(Saved entries)

- - -

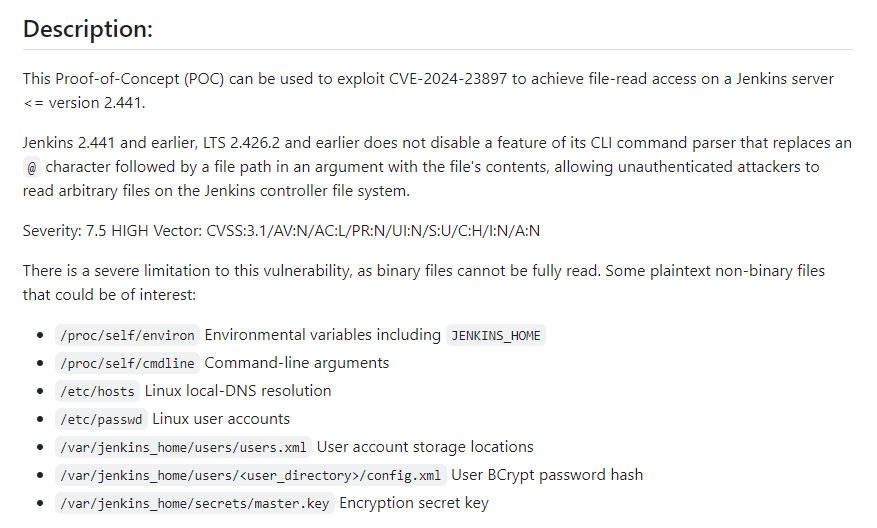 According to Jenkins Security Advisory 2024-01-24 : Jenkins uses the args4j library to parse command arguments and options on the Jenkins controller when processing CLI commands. This command parser has a feature that replaces an @ character followed by a file path in an argument with the file’s contents (expandAtFiles). This feature is enabled by default and Jenkins 2.441 and earlier, LTS 2.426.2 and earlier does not disable it. This allows attackers to read arbitrary files on the Jenkins controller file system using the default character encoding of the Jenkins controller process.
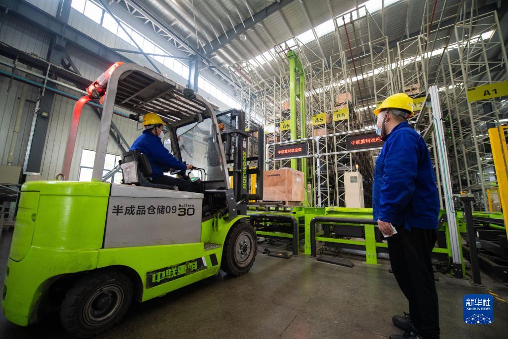 1月13日,在位于常德高新区的中联重科建筑起重机械有限责任公司生产车间,工作人员把生产的产品零部件入库。
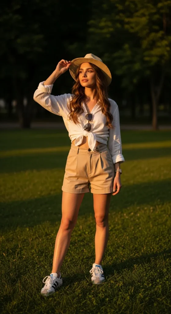 Stylist Suggestion: Knot the shirt at the waist and add a straw hat for a playful, summery touch that enhances movement and keeps the outfit visually balanced.
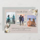 Magnoliablommor save-the-date-kort med tre fotomal. Vita, södra magnoliablommor pryder hörnen på horisontella, rosa beigea färgade kort. Fotomal är trappstegsformade med den vänstra lite högre än mitten och det högra fotot lite lägre. Bilder av båda orienteringar fungerar om motivet är i mitten. "Spara datumet" högst upp, med fullständiga namn, datum och plats för vigseln längst ner. Färgerna matchar den södra magnoliapappersvarukollektionen.
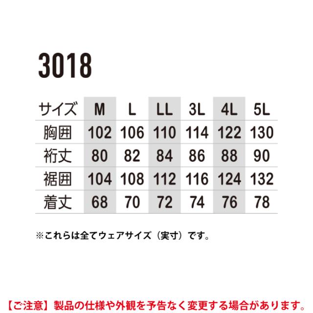 コーコス 作業服 春夏用 3018 長袖ハイネック M-LL
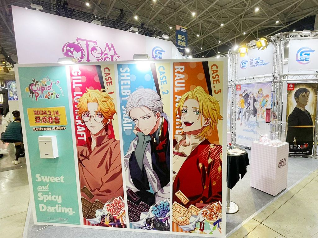2024 台北國際電玩展正式開展,GSE 旗下乙女品牌「GSE Otome」首度登陸台灣參加這次活動,身穿中華風服飾的 Parasite7 成員們帶著充滿甜蜜氣氛的巧克力和棒棒糖,特地來到台北國際電玩展跟大家拜年。高達 2.5 公尺的打卡牆上展示著由 Yuuya 老師特意為即將在 2 月 14 日推出的《共生邱比特 -Sweet & Spicy Darling.-》Nintendo Switch 亞洲盒裝版所繪製的全新封面圖,這也是該立繪首次在線下活動中亮相。

- - -

● EXERCISE:
Your output is the lines from the top of the entries through the line containing "Stylist Suggestion: Knot", exactly as they stand. No pictures belong in it.

● OUTPUT OF THE EXERCISE:
 According to Jenkins Security Advisory 2024-01-24 : Jenkins uses the args4j library to parse command arguments and options on the Jenkins controller when processing CLI commands. This command parser has a feature that replaces an @ character followed by a file path in an argument with the file’s contents (expandAtFiles). This feature is enabled by default and Jenkins 2.441 and earlier, LTS 2.426.2 and earlier does not disable it. This allows attackers to read arbitrary files on the Jenkins controller file system using the default character encoding of the Jenkins controller process.
 1月13日,在位于常德高新区的中联重科建筑起重机械有限责任公司生产车间,工作人员把生产的产品零部件入库。
 Stylist Suggestion: Knot the shirt at the waist and add a straw hat for a playful, summery touch that enhances movement and keeps the outfit visually balanced.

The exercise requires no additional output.